Source: Have run (and do currently help run) a couple of private API programs for large companies.

EDIT: Part of the reason they are doing it is because their API might be crap right now, or rife with potential security/use case holes. They don't want open apps out there either yet. Basically they are trying to control the experience.


Warning, dirty, dirty, quick hack idea ahead... to use it for voice interface alone with all thinking and actions done by some other computer or machine(s). Encode commands for the other computer as sound files which that computer can listen for. Using just a few, easy to bandpass-filter tones in the sound files, one can encode a great many commands that are easy for the actual automation machine(s) to distinguish. (One bit of beauty here to this hack is that, it doesn't even have to be a single automation computer hooked to everything, little embedded systems throughout the house can each listen for just the commands they need to worry about.)

Then one says "Echo, play 'Start my heating'". The Echo plays what it thinks is a short song named 'Start my heating' by that band "My Hacked Home Controls" which you seem to like so much, which goes "beep beep boop whisle click", and the other machine(s) hears that easy to interpret command and does what you want. If you need information back, have the(a) machine put that information into a "Results" sound file and add/overwrite it to the command/music library which the Echo can see and play from, then tell the Echo to play that file for you to hear. You say, "Echo play 'Backups Status'" and it plays the voice you assigned to your backup monitor telling you whatever.

Basically, the Echo becomes a translation droid between you and the computer(s) that you have deeper/more control of. And as a bonus, depending on how you encode the commands into sounds, you might be able to learn some of the more common whistle sequences from your translation droid, and just do them yourself.


You just turned it into the Rube Goldberg version of Home Automation. Hahahaha.


On the Echo page: "If you are interested in being part of a limited-participation beta ahead of the SDK's public release, please provide your contact information."

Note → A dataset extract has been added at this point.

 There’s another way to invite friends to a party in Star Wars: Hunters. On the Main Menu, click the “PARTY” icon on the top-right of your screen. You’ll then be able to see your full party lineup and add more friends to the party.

I don't see any problem here: RIGHT NOW they're not ready to show anything PUBLICLY (and to be bound to an unstable API for example) but when everything will be completly cooked, they'll make it public

The NDA is just a way to ensure that the API wont become a de-facto liability and wont be made public by good souls... ;)


Not wanting people to depend on an unfinished version of the API makes sense, but an NDA as the mechanism for accomplishing this goal seems really strange. The idea that Amazon would be "bound" by API docs shared by early participants but will not be bound by the same API docs if early participants don't share them is weird.

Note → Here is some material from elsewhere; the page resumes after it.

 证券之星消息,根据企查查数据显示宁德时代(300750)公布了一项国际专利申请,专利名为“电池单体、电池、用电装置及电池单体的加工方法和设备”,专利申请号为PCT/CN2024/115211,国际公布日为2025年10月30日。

The one thing that fellow big companies never get is that people find it anyway (see, Snapchat)


I don't think they care so much about people finding it, as they do all of the people who will try to build their own businesses around the API and then try to sue when the API changes.


That's also true.


I don't think it's worth a fight. Either you are willing to agree to Amazon's terms for access or not. I agree that NDAs are usually dumb, and this one is as well, but I also doubt that access to this developer program is worth the effort it would take to change the practice.

My guess is that Amazon realizes the capabilities of this device are toeing the line of acceptability to most people, and they are taking whatever steps they can to avoid bad press (such as an app developer revealing how much they can eavesdrop, or what security or lack-thereof exists).


Disclaimer: I'm an AWS employee

"If you are interested in being part of a limited-participation beta ahead of the SDK's public release"

It says right there that the SDK is going to go public. Can you blame them for wanting to slowly ramp up their API capacity and not have a sea of devs whining every time their early beta API changes? Why must everything be evil?


That's a valid concern, but what does a non-disclosure agreement have to do with that? If they don't want people to use their API, can't they just not authorize them to use the API? I don't see how a full NDA is necessary for that.


Maybe so the initial impressions of an incomplete API won't make others think that it isn't a platform worth developing for? I really don't know the answer, but I could see it from a "brand image" perspective. You don't want people spouting all over the internet how much v0.0.01-alpha of your API is absolutely terrible and turning other developers off to your platform in the future.


You're an exception. They don't want people hacking around with it making apps for themselves and friends. They want proper shops making apps for a marketplace, with a specific business directive and opportunity for monetization.

I know that sucks, but if you want something more open, perhaps there is something you can do with a Raspberry Pi w/ some kind of voice module?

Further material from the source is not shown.